First, let’s clear the basic misperceptions promulgated by Trump and his enablers: CHOP is only a smallish six-block section of the much larger Capitol Hill neighborhood, marked mainly by the roadblocks that close the area off to car traffic. The only violence surrounding its formation was in the initial clashes between police and anti-brutality protesters in the first week after the killing of George Floyd.
And the only signs of potential violence at the scene were from the pro-Trump provocateurs and far-right extremists who came to CHOP hoping to create a disturbance. Mostly, they failed miserably.
The zone is primarily comprised of Cal Anderson Park—which itself is comprised mainly of a large, oft-used soccer field with artificial turf, and a water storage facility surrounded by grass—and a handful of residential and business blocks adjacent to it. Its busiest street is Pine Street, the arterial from downtown that borders the soccer field and is home to both a number of businesses as well as the building which formerly housed Seattle Police Department’s East Precinct, and which is now blocked off by red plastic barriers.

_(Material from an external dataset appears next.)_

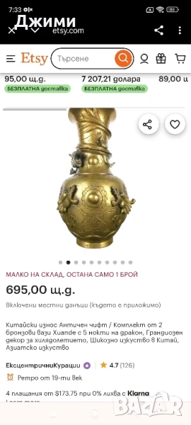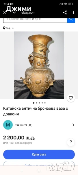 много стара азиатска ваза → Обява 50729752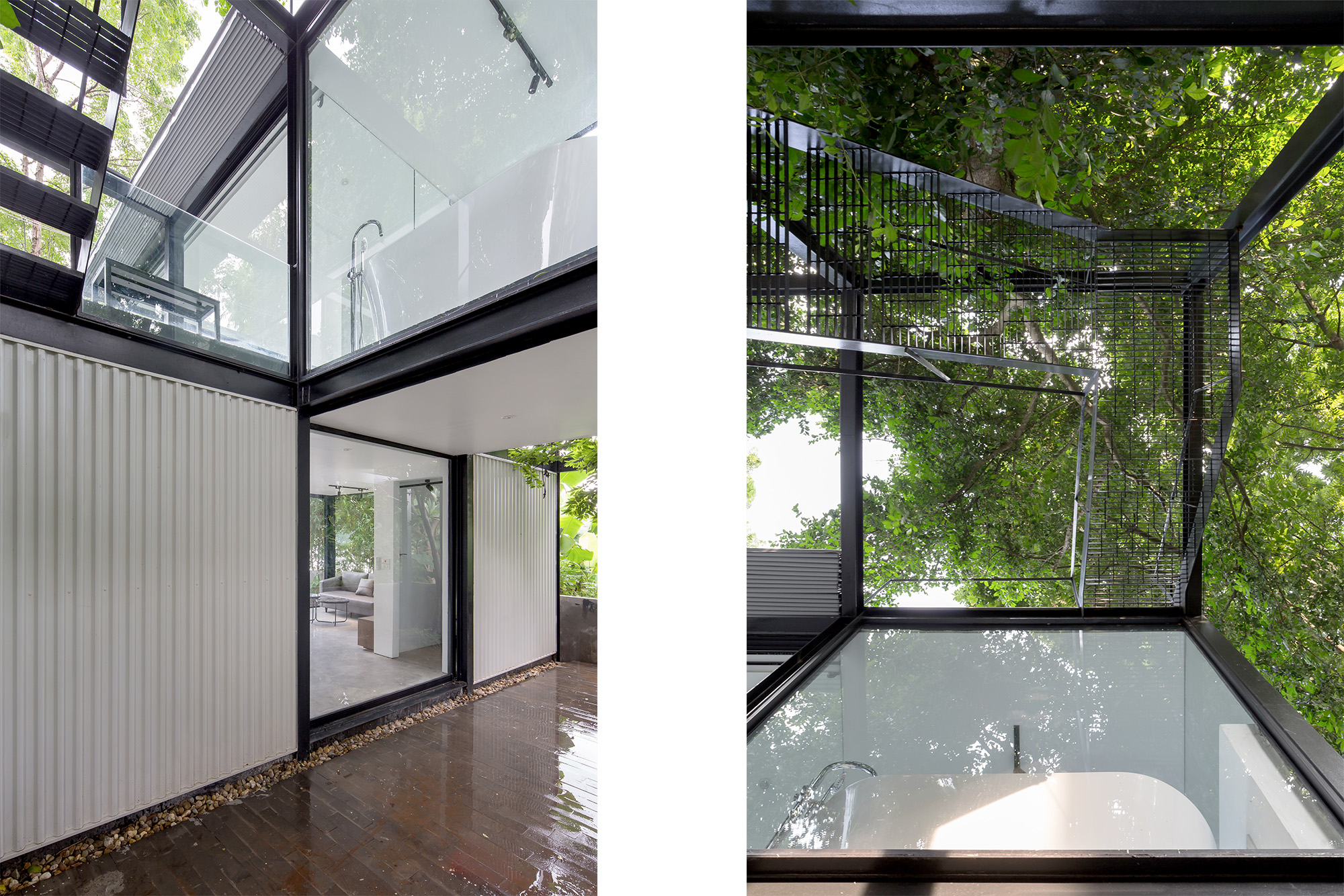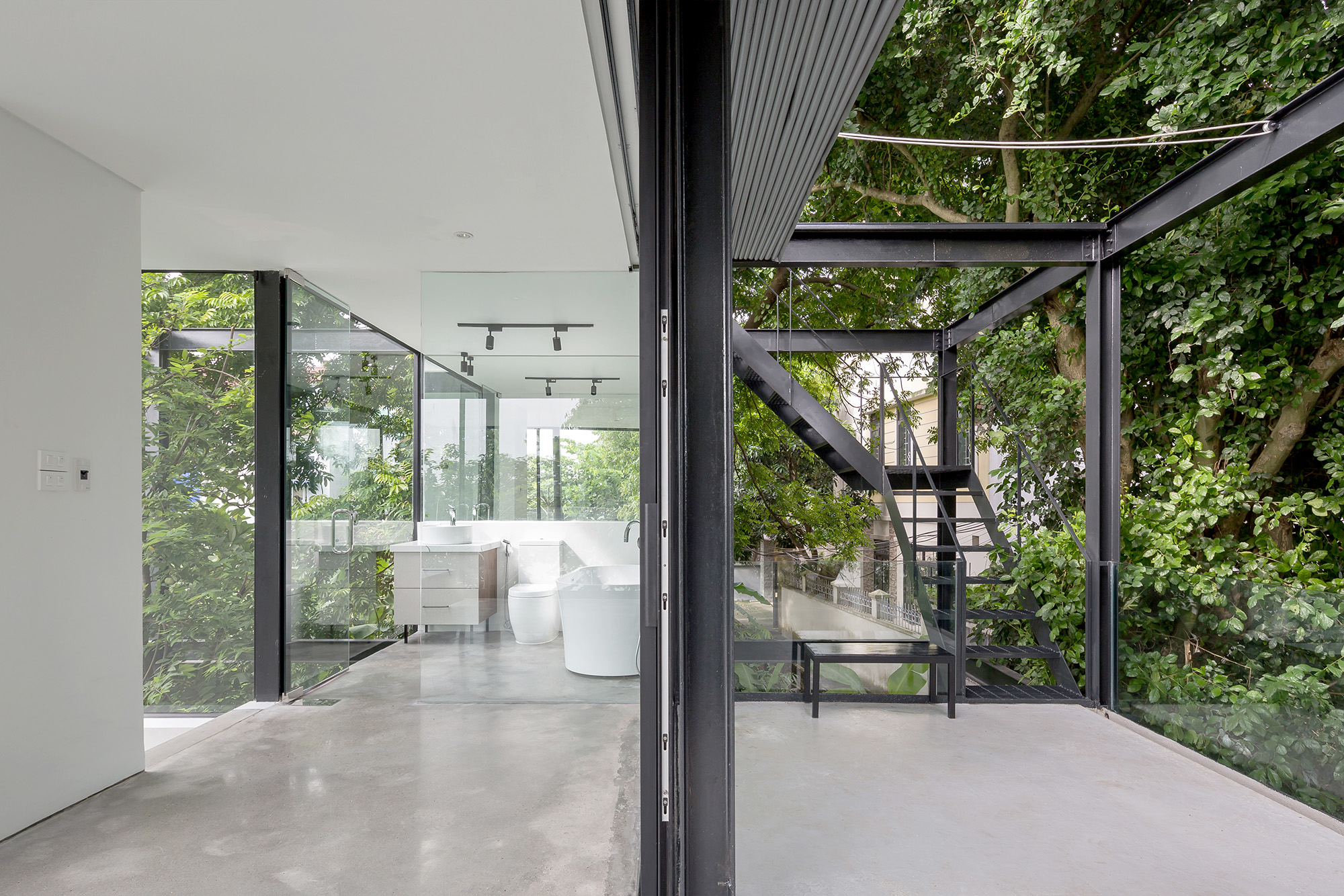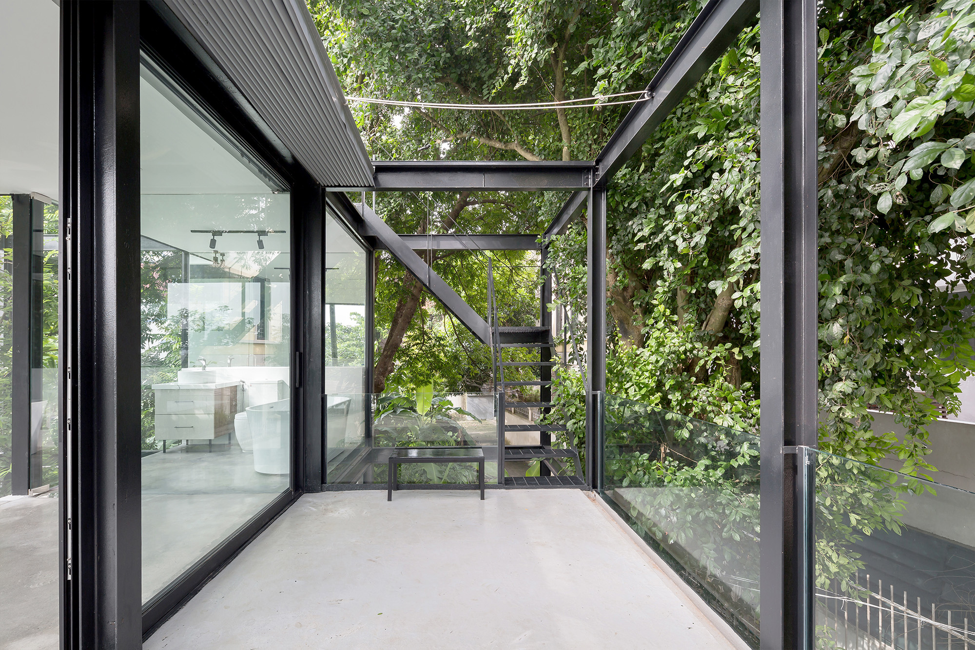 Like a stopover by a riverside, the small house Bac Cau, is "inserted" with a filigree steel structure interspersed into already existing ancient flora. The transparency of the house makes it seem to have no clear borders and disappear into the space-time of the riverfront.

The East Precinct building at 12th Avenue and Pine is the center of the zone’s activism. After being occupied by protesters, and then abandoned by the SPD, the building has been remade as the “Seattle People Department”; a large black plastic tarp covering the entryway reads, “This Space is Now Property of the Seattle People.”

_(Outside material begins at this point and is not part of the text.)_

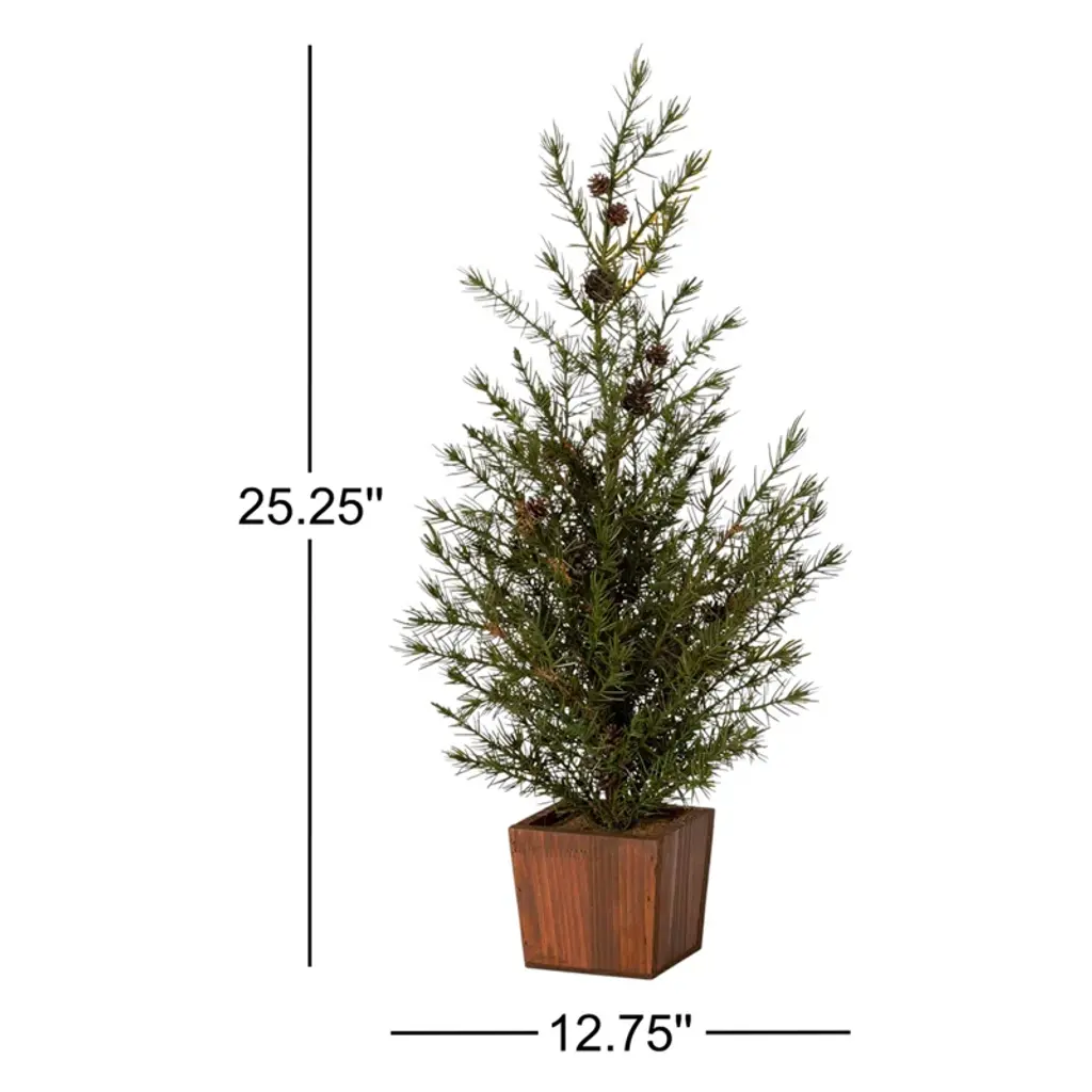 25.25" Artificial Christmas Potted Cedar Pinecone Tree, Green

Protest signs—nearly all of them referencing police brutality against African Americans—decorate the walls along the cyclone fence that encircles the building: “Mass Incarceration is Slavery.” “Police Unions Are Terrorist Organizations.” “Defund the Police.” “Arrest the Cops Who Killed Breonna Taylor.” And so on.

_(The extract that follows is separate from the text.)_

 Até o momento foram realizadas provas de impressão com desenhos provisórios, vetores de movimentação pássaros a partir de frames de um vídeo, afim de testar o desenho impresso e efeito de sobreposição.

Pine Street itself—on which a gigantic mural reading “Black Lives Matter” has been painted—is the main hub along which various activists, nearly all of them people of color, speaking through a megaphone to the gathered crowds can be heard, mainly at the intersection with 12th Street. Some explain the rules of the zone—which began existence as Capitol Hill Autonomous Zone (CHAZ), and then changed its name to the current one when participants and leaders agreed to do so—while others speak about the realities of police treatment of nonwhites and protesters.
All along the remainder of Pine inside the zone are booths that have been set up hawking wares, like a street fair—except that the offerings are primarily free. Signs announce the “No Cop Co-Op,” offering everything from medications and first-aid kits to food, water, and fresh produce. All of the goods on the shelves have been donated by Seattle businesses and residents, and it’s all free.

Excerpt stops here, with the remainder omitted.